I'm tired of turning the other cheek all my life and living according to the laws of God. I fought with men, they could defend themselves. These were not the children whom Sheraliev killed.

At trial, Sushko did many things to attract attention, changed his testimony and claimed that he was forced into confessing, saying that "the more corpses, the better". He denied any previous accusations, particularly the ones about cannibalizing his victims, and explained away his odd behaviours while out in the streets (baptizing trees, showing off karate techniques, dancing in the streets and stripping himself) as a combination of alcoholism and his schizophrenia.

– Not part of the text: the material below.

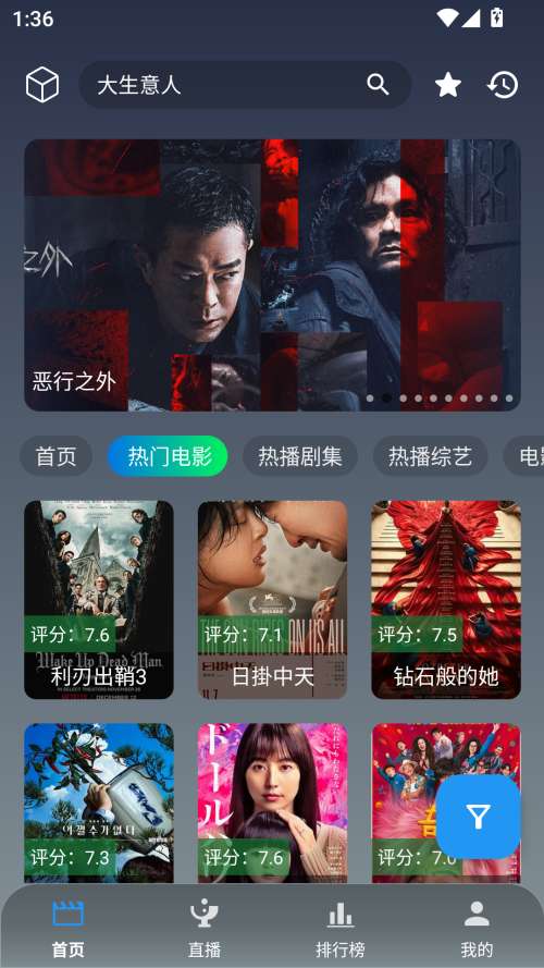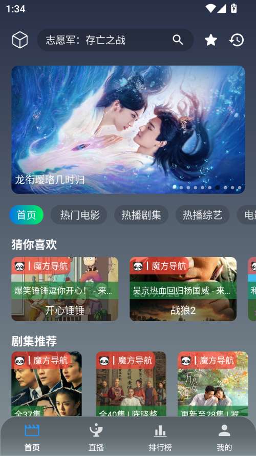 1、打开魔方影仓,首页展示了最近热门的电视剧、热门电影、热门综艺等等。

This was shot down by Justice Marianna Boldova, who said that many people with this ailment were upstanding citizens. Despite the severity of his crimes, he was recognized as sane, and in 2017, Yuriy Sushko was convicted of the five murders and sentenced to life imprisonment. While in jail, Sushko claimed that he was writing a book on how to solve the Russo-Ukrainian war, and that he was also applying for Russian citizenship. He also said that he'd be willing to atone for his sins by joining the volunteer forces to restore peace in his home country.